A short introduction to Makinom’s features.
Makinom is an editor extesion for the Unity. It’s a powerful and flexible general-purpose game development toolkit, allowing you to create game controls, game mechanics or interactions with your game world without writing a single line of code.
You can create all kinds of 2D or 3D game genres, like roguelikes, platformers, shooters, action-adventures, 1st- or 3rd-person, and many more. Check out the tutorials for some examples.
Makinom currently supports any Unity version since Unity 2019. It’s recommended to stick to Unity’s LTS (long-term support) versions, e.g. Unity 2019.4.
When a new Unity version is released, it might contain changes that break compatibility with the current Makinom version. This’ll usually be fixed with a new version within a few weeks after Unity’s release. There’s no official support for Unity’s alpha or beta versions.
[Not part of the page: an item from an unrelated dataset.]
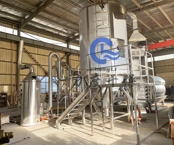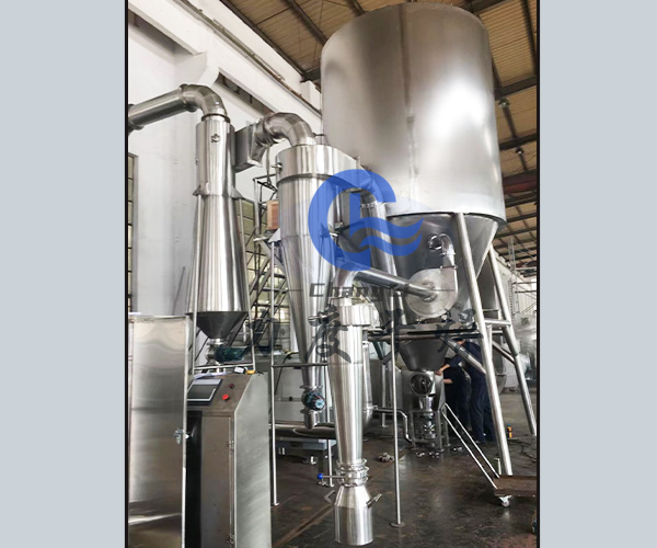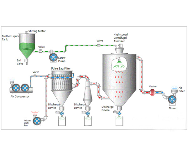 空氣經過濾和加熱,進入干燥器頂部空氣分配器,熱空氣呈螺旋狀均勻地進入干燥室。料液經塔體頂部的高速離心霧化器,(旋轉)噴霧成極細微的霧狀液珠,與熱空氣并流接觸在極短的時間內可干燥為成品。成品連續地由干燥塔底部和旋風分離器中輸出,廢氣由風機排空。

Some extensions to Makinom (e.g. UI modules or plugins) might require certain packages to be installed in the project, e.g. using the Unity UI module requires using Unity UI and TextMesh Pro packages.
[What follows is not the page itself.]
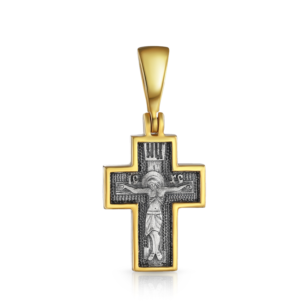 Серебряный нательный крест с позолотой. На лицевой стороне изображено Распятие Господа Иисуса Христа. На оборотной стороне молитва «Господи спаси и сохрани мя и помилуй».<br />

Makinom officially supports the following build targets:
Since Makinom’s features are implemented using basic/cross-platform APIs, it’ll most likely also work on other platforms (e.g. Nintendo Switch and other consoles), but they’re untested.
Before getting into the details in the following documents, let’s get a quick overview over some of Makinom’s core features.
Schematics are reusable, node-based blueprints of what you want to do. They work similar to flow charts, each node performs a task and decides the next node that’ll be executed. There are over 400 nodes available, ranging from simple things like playing an audio clip, spawning a prefab or increasing a counter to complex operations like moving/rotating over time or fading to a new camera position.
Schematics are used to create player/camera controls, game mechanics, dialogues and other interactions, cut-scenes, AI and handle animations, movement and many other things.
Learn more in the schematics documentation.
Machine components are used to play your schematics (but schematics can also play other schematics). There’s a machine for every use case, e.g. Tick Machines handle update-based functionality like player/camera controls, Trigger Machines can start when an object enters an area or Collision Machines when a bullet hits a target.
Tagged Machines are used to create a uniform setup for your game mechanics, e.g. starting whatever happens when something is killed or destroyed via the same tag (e.g. ‘kill’), for items and other pickups this can trigger collection, while on enemies it’ll play their death animation and drop loot or increase the score.
Often used machines can be set up as templates for easy reusability.
Learn more in the machines documentation.
Makinom supports setting up content in multiple languages, as well as easy export and import of language data for translations, including notes to the translators.
Learn more in the languages documentation.
Input keys are an extensible input system with support for local multiplayer and control styles via the Input ID system.
Learn more in the input keys documentation.
Variables are used to store information in a running game. This information could be anything – like the player’s health, ammunition or marking a solved quest. You wont be able to create a game without using variables, they’re needed in basically all game mechanics you’ll create. Variables can be available globally (i.e. everywhere), bound to a game object or within a local execution (e.g. in a running schematic).
Learn more in the variables documentation.
Game states are simple states that are either active or not. You can set up your own game states to manage e.g. if a HUD should be displayed or a machine be able to execute.
They can either be changed automatically (e.g. upon pausing/unpausing the game or blocking/unblocking player controls) or via schematics.
Learn more in the game states documentation.
Build HUDs, dialogues, menus and flying texts (e.g. damage numbers). HUDs can also be used for virtual controls.
The UI system is modular and completely separated from the rest, allowing you to switch it out if needed.
Learn more in the UI system documentation.
Makinom includes a save game system to save the current state of your game, including variables, game states and the player’s position (and scene).
Learn more in the save games documentation.
Create node-based formulas for often used or complex calculations, e.g. damage calculations.
Makinom includes a music system for fading between different tracks, as well as multiple music channels.
You can also use audio channels to play sound effects and control their volume independently.
Learn more in the audio and music documentation.
Use pooling to reduce performance impact from spawning and destroying often used game objects, e.g. bullets fired by a gun.